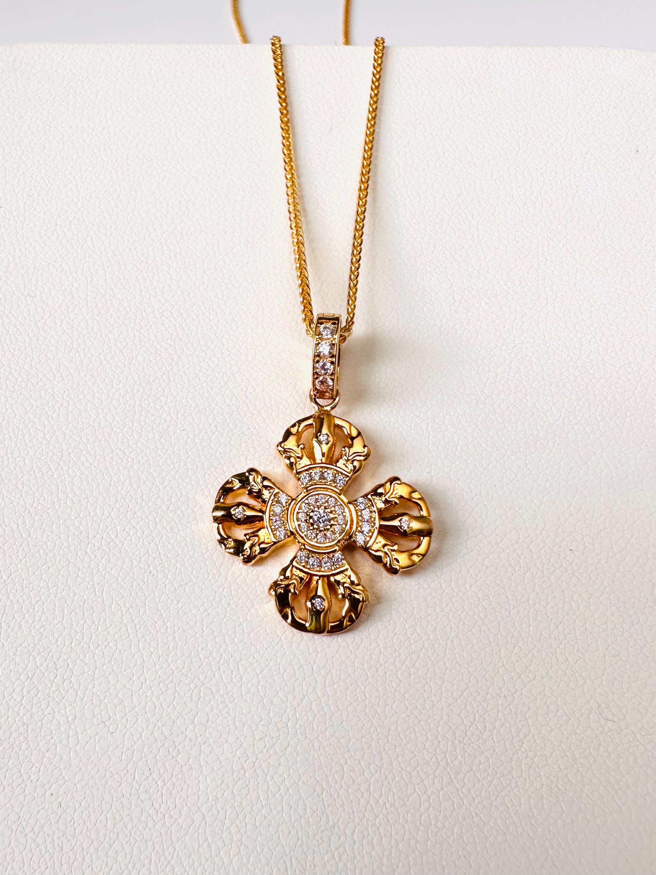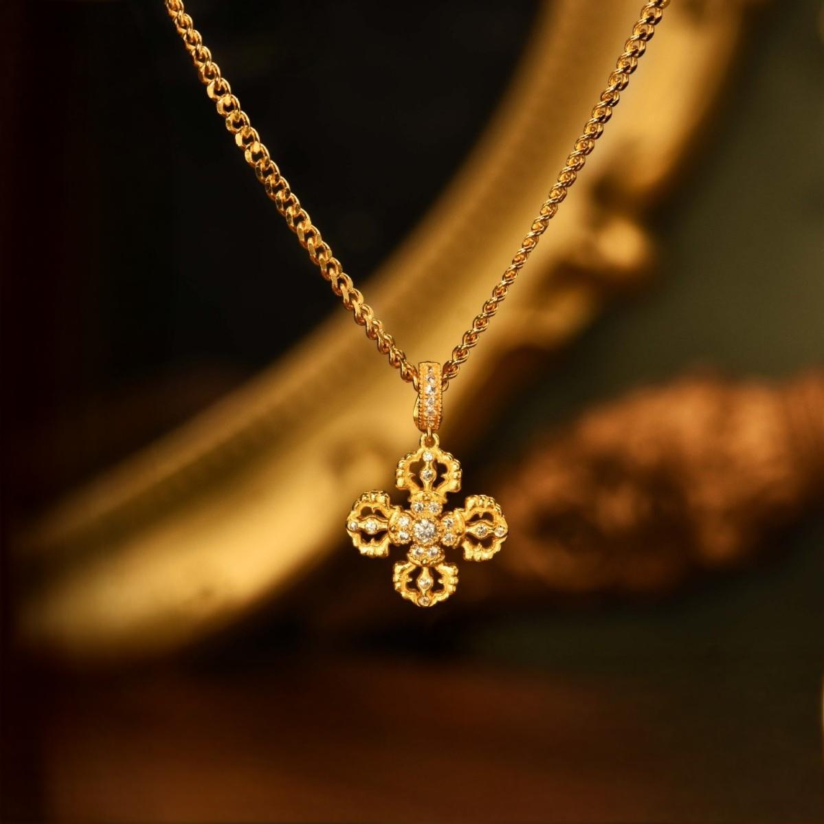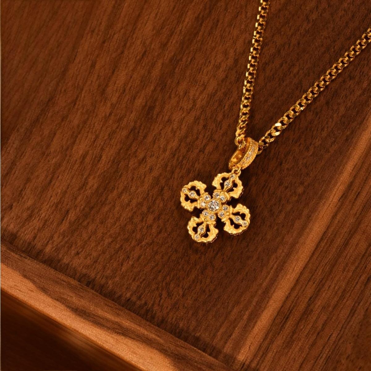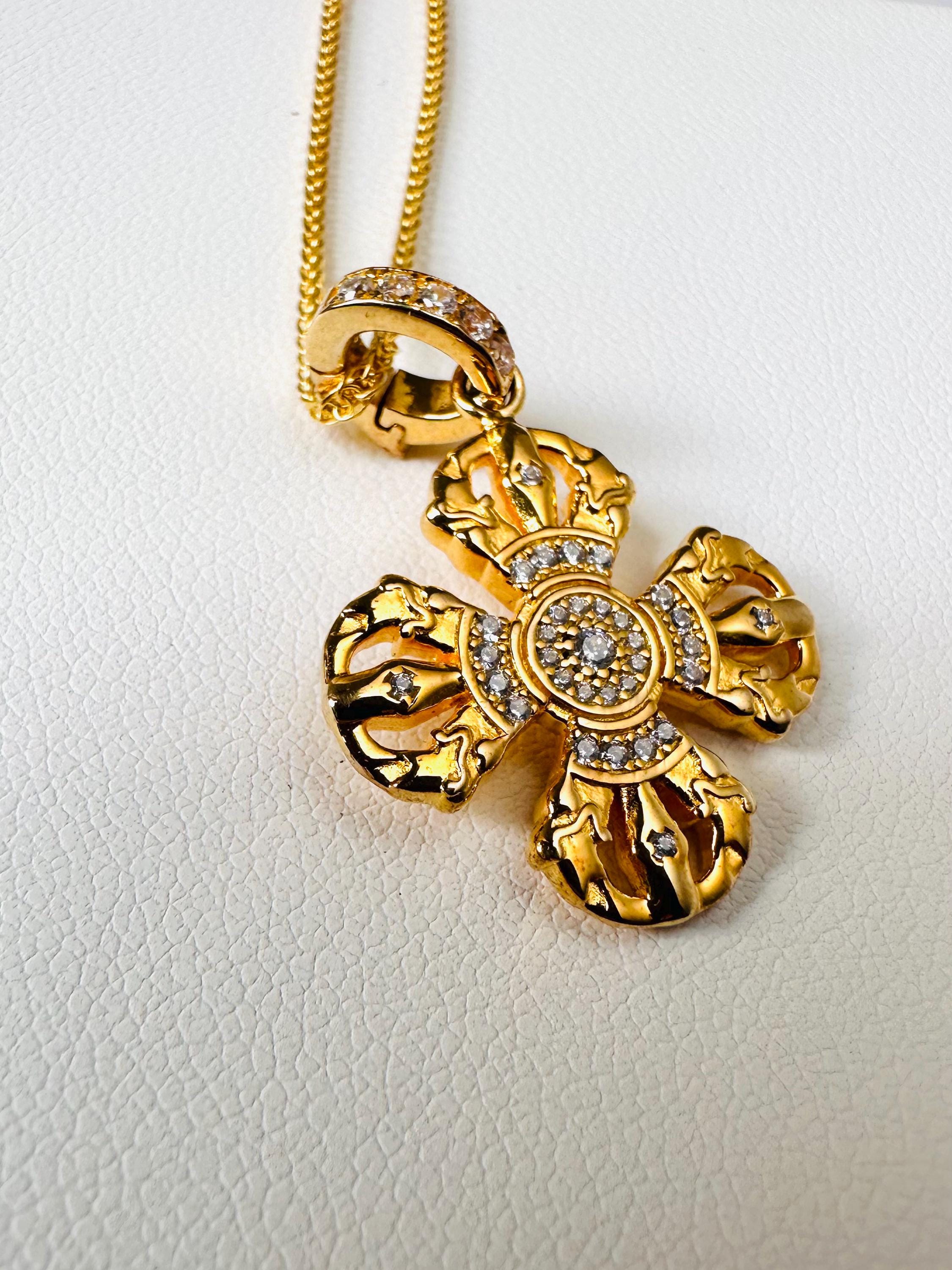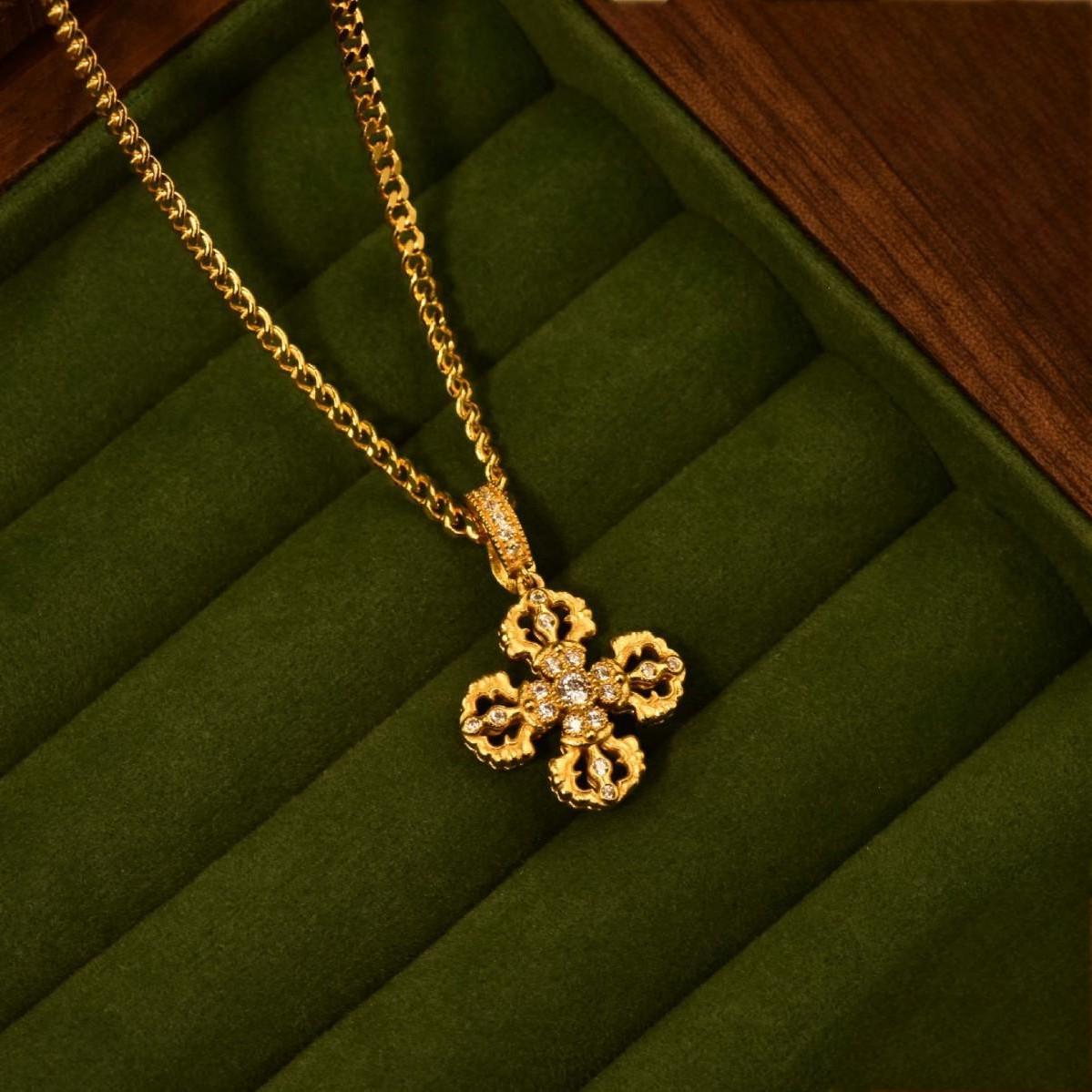 Material: S925 silver plated 18k gold, 5A cubic zirconia(The best simulated diamond currently available) Specifications:Weight: 6.3g Length: 45cm Technology: 1. High-quality electroplating 2. Set gemstones by hand Product design concept With the "Vajra" as the core design element, it integrates Tibetan Buddhist cultural symbols with modern jewelry aesthetics. The vajra symbolizes indestructible wisdom and strength, and also represents Buddhist compassion and bodhicitta, and is an important magic weapon of Buddhist Tantra. The main body is made of 925 silver, plated with 18k gold, and the edges are made of frosted and glossy dual processes, showing a sense of layering and power of metal; The brilliant light of the diamonds and the golden metal complement each other, which not only retains the solemnity and sacredness of religious ritual instruments, but also gives them fashionable wearing attributes, becoming a spiritual totem connecting faith and daily life. Product advantages 1. Exquisite craftsmanship: Precision casting process is used to ensure that the lines of each strand of the vajra are smooth and angular; The diamond is firmly set with a prong, which is stable and not easy to fall off, and the details are full of ingenuity. 2. Versatile to wear: The pendant is moderately sized, suitable for daily wear, and can be matched with all kinds of clothing, which not only highlights personal taste, but also contains auspicious meanings. Maintenance 1. Sealed preservation: When not wearing, place the silver jewelry in a closed small bag to avoid contact with air and reduce the chance of oxidation. 2. Avoid contact with chemicals: Try to avoid contact with chemicals such as perfumes, cosmetics, and dish soap 3. Regular cleaning: Use mild soapy water or special silver jewelry cleaners, and avoid using cleaners containing strong acid and alkali ingredients to avoid scratching the surface of silver jewelry 4. Avoid friction: When storing silver jewelry, avoid mixing it with other metal jewelry to avoid scratches caused by rubbing against each other. Applicable scenarios Daily outings, date moments, special commemorations, light social occasions
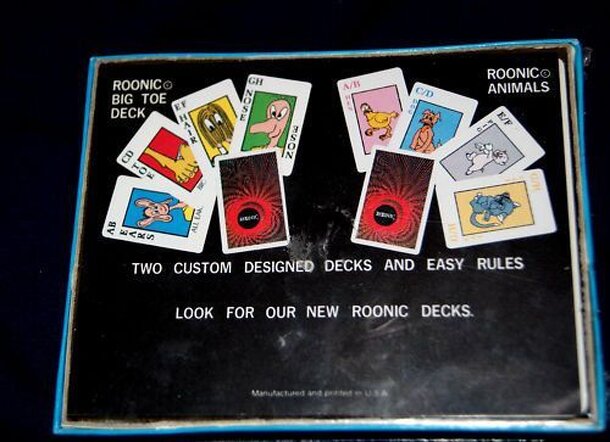 This is a children's word game that licenses the popular TV show of the early 1050's, "The Rootie Kazootie Club". The deck has 6 Key Cards, each of which has two words (e.g. Wagon, Duck). There are 30 letter cards with a letter and an illustrating picture and sentence (e.g. "O o Rootie watches a night Owl"); the 30th card, "Magic Kazootie" is a wild card...
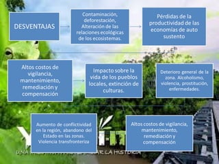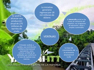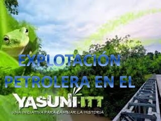 El documento describe el Parque Nacional Yasuní, un área protegida en Ecuador que contiene gran biodiversidad y reservas de petróleo. Recientemente, el gobierno ecuatoriano decidió permitir la extracción de petróleo en el área, poniendo fin a una iniciativa para conservar voluntariamente los recursos a cambio de contribuciones internacionales. Se detallan los posibles impactos ambientales, económicos, sociales y políticos de la actividad petrolera en la región.
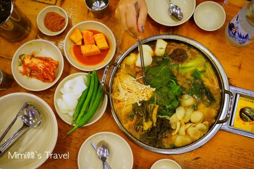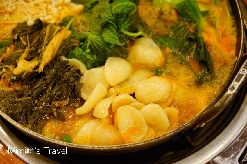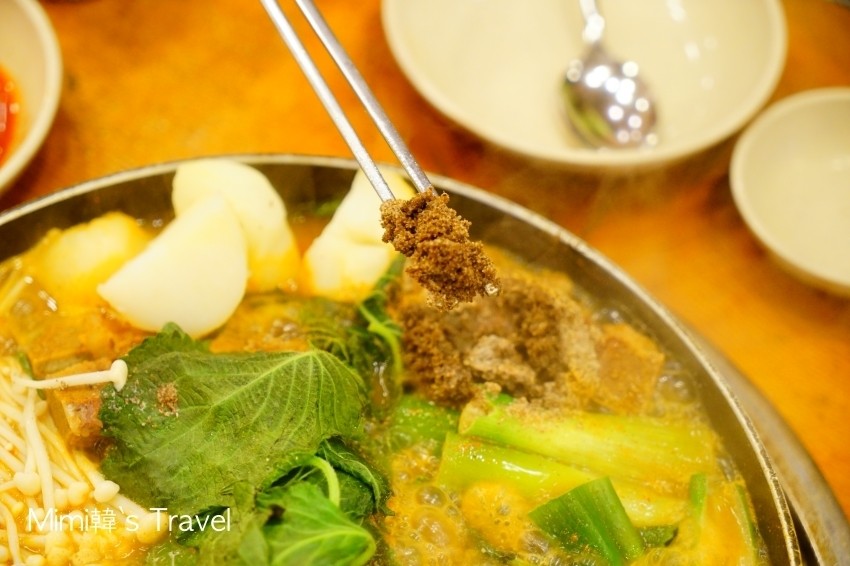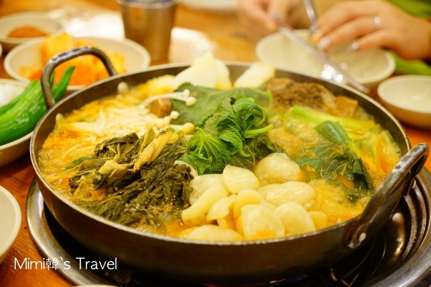 我們點了中份的豬骨湯($33,000韓元),裡面的料就很多很多,底層有好多燉到軟嫩的排骨,還有馬鈴薯、麵疙瘩、金針菇、芝麻葉等,光這鍋我們兩個就差點吃不完,如果食量大的話,可以再點像是年糕、冬粉等食材加進去,或是最後像雜炊一樣做成炒飯都很棒。
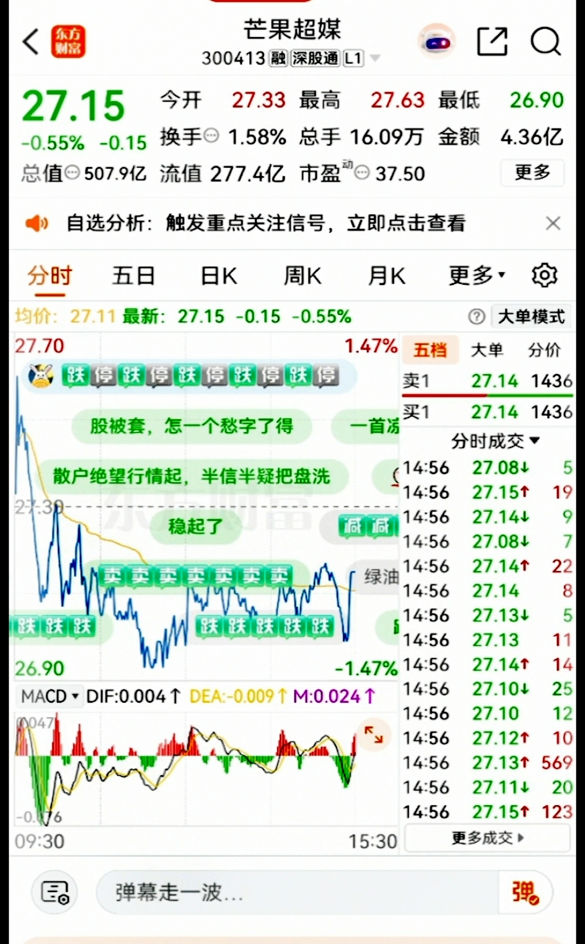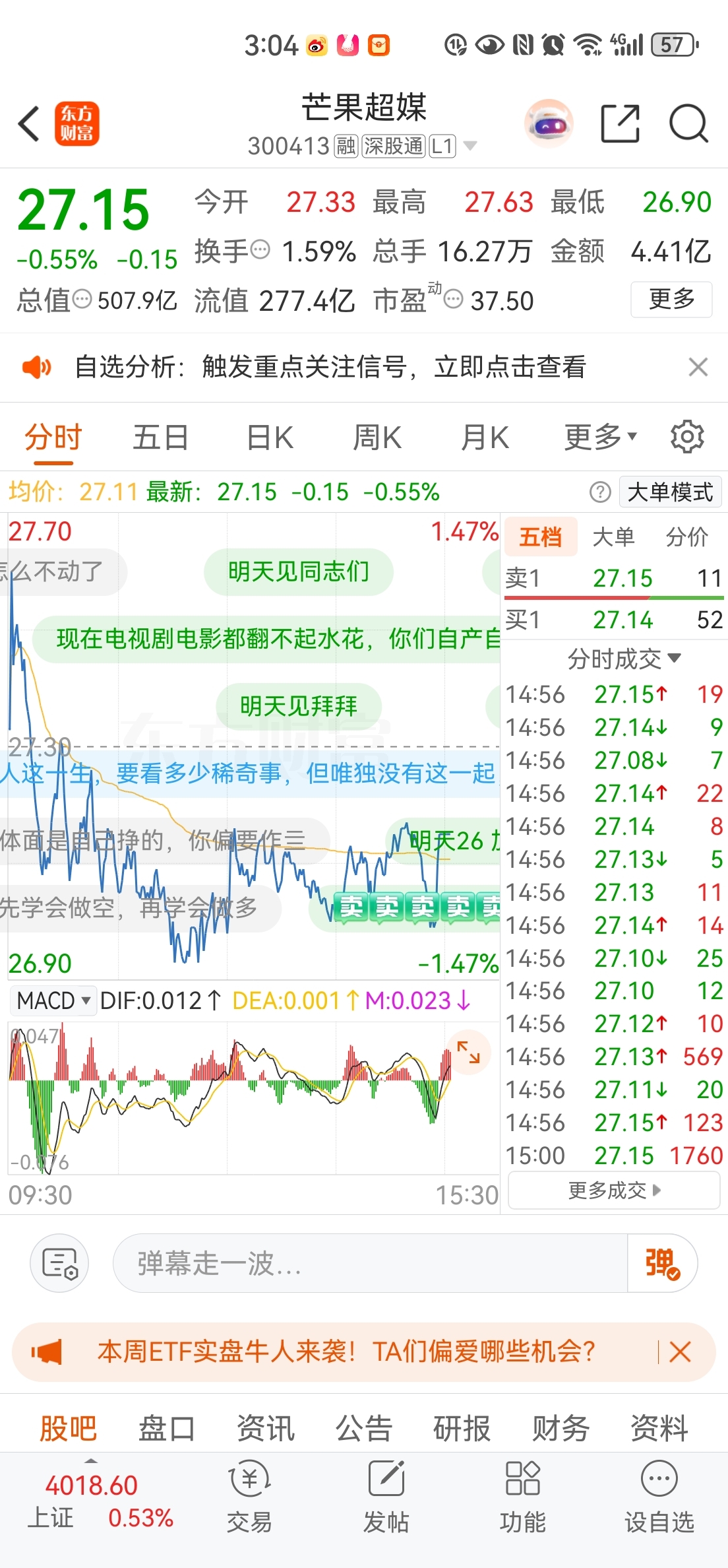 $芒果超媒(SZ300413)$   #收盘点评#   #复盘记录#   #股市怎么看#   菜园子绝对是不简单,盘口左手倒右手对倒迹象如此明目张胆连续几周了?
———
- _EXERCISE BRIEF_
Leave the pictures out. Repeat every entry above exactly.

- _FINISHED TASK_
 Material: S925 silver plated 18k gold, 5A cubic zirconia(The best simulated diamond currently available) Specifications:Weight: 6.3g Length: 45cm Technology: 1. High-quality electroplating 2. Set gemstones by hand Product design concept With the "Vajra" as the core design element, it integrates Tibetan Buddhist cultural symbols with modern jewelry aesthetics. The vajra symbolizes indestructible wisdom and strength, and also represents Buddhist compassion and bodhicitta, and is an important magic weapon of Buddhist Tantra. The main body is made of 925 silver, plated with 18k gold, and the edges are made of frosted and glossy dual processes, showing a sense of layering and power of metal; The brilliant light of the diamonds and the golden metal complement each other, which not only retains the solemnity and sacredness of religious ritual instruments, but also gives them fashionable wearing attributes, becoming a spiritual totem connecting faith and daily life. Product advantages 1. Exquisite craftsmanship: Precision casting process is used to ensure that the lines of each strand of the vajra are smooth and angular; The diamond is firmly set with a prong, which is stable and not easy to fall off, and the details are full of ingenuity. 2. Versatile to wear: The pendant is moderately sized, suitable for daily wear, and can be matched with all kinds of clothing, which not only highlights personal taste, but also contains auspicious meanings. Maintenance 1. Sealed preservation: When not wearing, place the silver jewelry in a closed small bag to avoid contact with air and reduce the chance of oxidation. 2. Avoid contact with chemicals: Try to avoid contact with chemicals such as perfumes, cosmetics, and dish soap 3. Regular cleaning: Use mild soapy water or special silver jewelry cleaners, and avoid using cleaners containing strong acid and alkali ingredients to avoid scratching the surface of silver jewelry 4. Avoid friction: When storing silver jewelry, avoid mixing it with other metal jewelry to avoid scratches caused by rubbing against each other. Applicable scenarios Daily outings, date moments, special commemorations, light social occasions
 This is a children's word game that licenses the popular TV show of the early 1050's, "The Rootie Kazootie Club". The deck has 6 Key Cards, each of which has two words (e.g. Wagon, Duck). There are 30 letter cards with a letter and an illustrating picture and sentence (e.g. "O o Rootie watches a night Owl"); the 30th card, "Magic Kazootie" is a wild card...
 El documento describe el Parque Nacional Yasuní, un área protegida en Ecuador que contiene gran biodiversidad y reservas de petróleo. Recientemente, el gobierno ecuatoriano decidió permitir la extracción de petróleo en el área, poniendo fin a una iniciativa para conservar voluntariamente los recursos a cambio de contribuciones internacionales. Se detallan los posibles impactos ambientales, económicos, sociales y políticos de la actividad petrolera en la región.
 我們點了中份的豬骨湯($33,000韓元),裡面的料就很多很多,底層有好多燉到軟嫩的排骨,還有馬鈴薯、麵疙瘩、金針菇、芝麻葉等,光這鍋我們兩個就差點吃不完,如果食量大的話,可以再點像是年糕、冬粉等食材加進去,或是最後像雜炊一樣做成炒飯都很棒。
 $芒果超媒(SZ300413)$   #收盘点评#   #复盘记录#   #股市怎么看#   菜园子绝对是不简单,盘口左手倒右手对倒迹象如此明目张胆连续几周了?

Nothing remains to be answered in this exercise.